Collection entries:
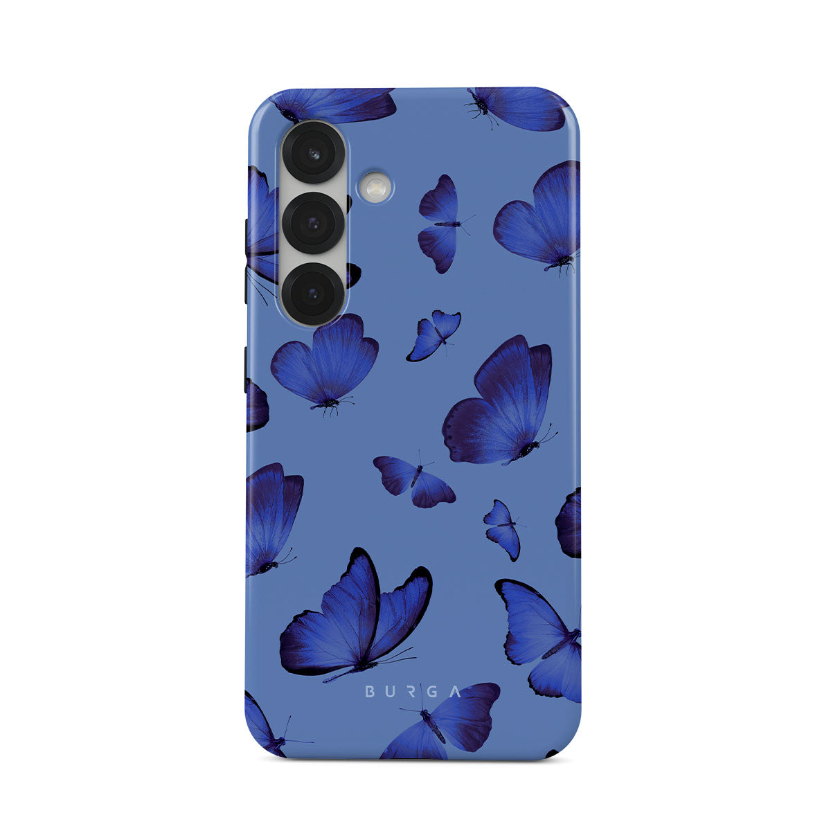Bright blue butterflies dance across a sky-blue expanse, a visual representation of freedom and transformation. Our Spring Court Samsung Galaxy S25 Plus phone case design symbolizes the soul's eternal dance with change, each flutter a step towards becoming who we are meant to be.
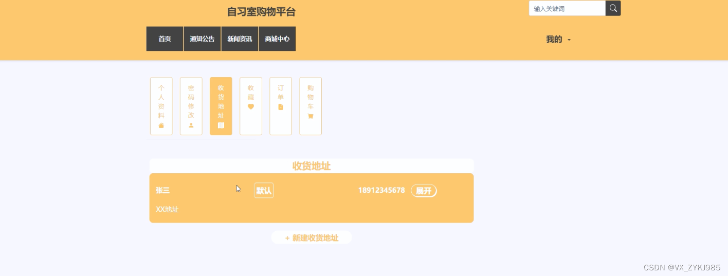 当用户点击“收货地址”右后,就回去显示出目前现有的地址,也可以添加新的地址,界面如下图4-5所示。
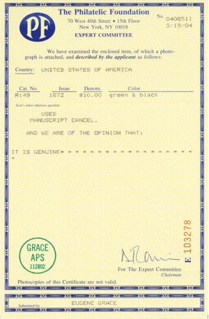 Due to the high cost of obtaining certificates we will only refund the cost of the stamp and not the cost of the certificate for stamps that sell for less than $250 that come back with a negative certificate. Stamps that sell for above $250 will receive a full refund for both the price of the stamp and cost of the certificate if it should come back not as described. For U.S. stamps only certificates from either APS, PSE or from the Philatelic Foundation are accepted, however "graded" certificates or "encased" items are not accepted.
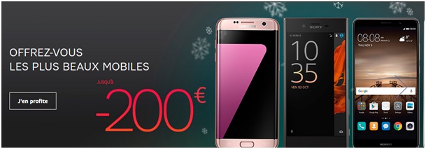 SFR prolonge jusqu'au 23 janvier prochain la réduction jusqu'à 200 proposée à Noël sur une sélection de Smartphones haut de gamme. Les réductions de 200€ ou 150€ selon le forfait SFR choisi s'appliquent sur l'iPhone 7 et iPhone 7Plus, iPhone 6s et 6S Plus ou encore les deux derniers modèles Samsung Galaxy S7 et Galaxy S7 Egde, le Huawei Mate 9 ou Huawei P9 et le Sony Xperia XZ, Xperia X et le nouveau Lenovo Moto Z ... Concernant les modèles Galaxy S7 et Galaxy S7 Edge, le constructeur propose une nouvelle promotion de 100€ valable entre le 02 janvier 2017 et 28 février prochain.
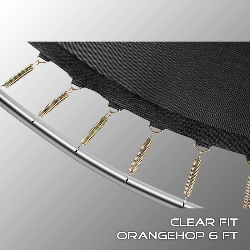 В 2026 году представлена обновленная линейка с улучшенной конструкцией каркаса. Усиление достигнуто за счет использования прочных Т-образных кронштейнов из металла толщиной 1.9 мм. Кроме того, в комплектацию добавлен карман для обуви. Каркасный батут с защитной сеткой Clear Fit серии OrangeHop — отличаются комфортом и надежностью. Надежная рама из качественных комплектующих, прочная защитная сеть снабжена прямым креплением к прыжковому полотну и дополнительной защитой входа, наверху каркасное жесткое крепление, сеть не провисает и не слетает во время тренировок. Увлекательный, полезный и безопасный тренажер для всей семьи. Батуты серии OrangeHop 6Ft и 8Ft поставляются в оптимальной для комфорта и безопасности комплектации: батут, верхняя защитная сеть, защитный мат и карман для обуви. Размер батута 6 футов с прыжковой поверхностью 1.42 м и его легко разместить на небольшом участке, он подойдет для детских игр и для тренировок. Верхняя защитная сеть оберегает от падений, усиленная молния и дополнительная защита входа уберегут малышей от случайного входа или падения. Надежный каркас из гальванизированной стали, качественные комплектующие и погодостойкие метизы рамы делают батут безопасным, устойчивым, надежным, гарантируют полную защиту от коррозии и долгий срок службы. Максимальный вес пользователя батута OrangeHop 6Ft — до 130 кг.

## [TASK STATEMENT]
The response should consist of the entries above, given again exactly and free of pictures.

## [OUTPUT FOR THIS EXERCISE]
Bright blue butterflies dance across a sky-blue expanse, a visual representation of freedom and transformation. Our Spring Court Samsung Galaxy S25 Plus phone case design symbolizes the soul's eternal dance with change, each flutter a step towards becoming who we are meant to be.
 当用户点击“收货地址”右后,就回去显示出目前现有的地址,也可以添加新的地址,界面如下图4-5所示。
 Due to the high cost of obtaining certificates we will only refund the cost of the stamp and not the cost of the certificate for stamps that sell for less than $250 that come back with a negative certificate. Stamps that sell for above $250 will receive a full refund for both the price of the stamp and cost of the certificate if it should come back not as described. For U.S. stamps only certificates from either APS, PSE or from the Philatelic Foundation are accepted, however "graded" certificates or "encased" items are not accepted.
 SFR prolonge jusqu'au 23 janvier prochain la réduction jusqu'à 200 proposée à Noël sur une sélection de Smartphones haut de gamme. Les réductions de 200€ ou 150€ selon le forfait SFR choisi s'appliquent sur l'iPhone 7 et iPhone 7Plus, iPhone 6s et 6S Plus ou encore les deux derniers modèles Samsung Galaxy S7 et Galaxy S7 Egde, le Huawei Mate 9 ou Huawei P9 et le Sony Xperia XZ, Xperia X et le nouveau Lenovo Moto Z ... Concernant les modèles Galaxy S7 et Galaxy S7 Edge, le constructeur propose une nouvelle promotion de 100€ valable entre le 02 janvier 2017 et 28 février prochain.
 В 2026 году представлена обновленная линейка с улучшенной конструкцией каркаса. Усиление достигнуто за счет использования прочных Т-образных кронштейнов из металла толщиной 1.9 мм. Кроме того, в комплектацию добавлен карман для обуви. Каркасный батут с защитной сеткой Clear Fit серии OrangeHop — отличаются комфортом и надежностью. Надежная рама из качественных комплектующих, прочная защитная сеть снабжена прямым креплением к прыжковому полотну и дополнительной защитой входа, наверху каркасное жесткое крепление, сеть не провисает и не слетает во время тренировок. Увлекательный, полезный и безопасный тренажер для всей семьи. Батуты серии OrangeHop 6Ft и 8Ft поставляются в оптимальной для комфорта и безопасности комплектации: батут, верхняя защитная сеть, защитный мат и карман для обуви. Размер батута 6 футов с прыжковой поверхностью 1.42 м и его легко разместить на небольшом участке, он подойдет для детских игр и для тренировок. Верхняя защитная сеть оберегает от падений, усиленная молния и дополнительная защита входа уберегут малышей от случайного входа или падения. Надежный каркас из гальванизированной стали, качественные комплектующие и погодостойкие метизы рамы делают батут безопасным, устойчивым, надежным, гарантируют полную защиту от коррозии и долгий срок службы. Максимальный вес пользователя батута OrangeHop 6Ft — до 130 кг.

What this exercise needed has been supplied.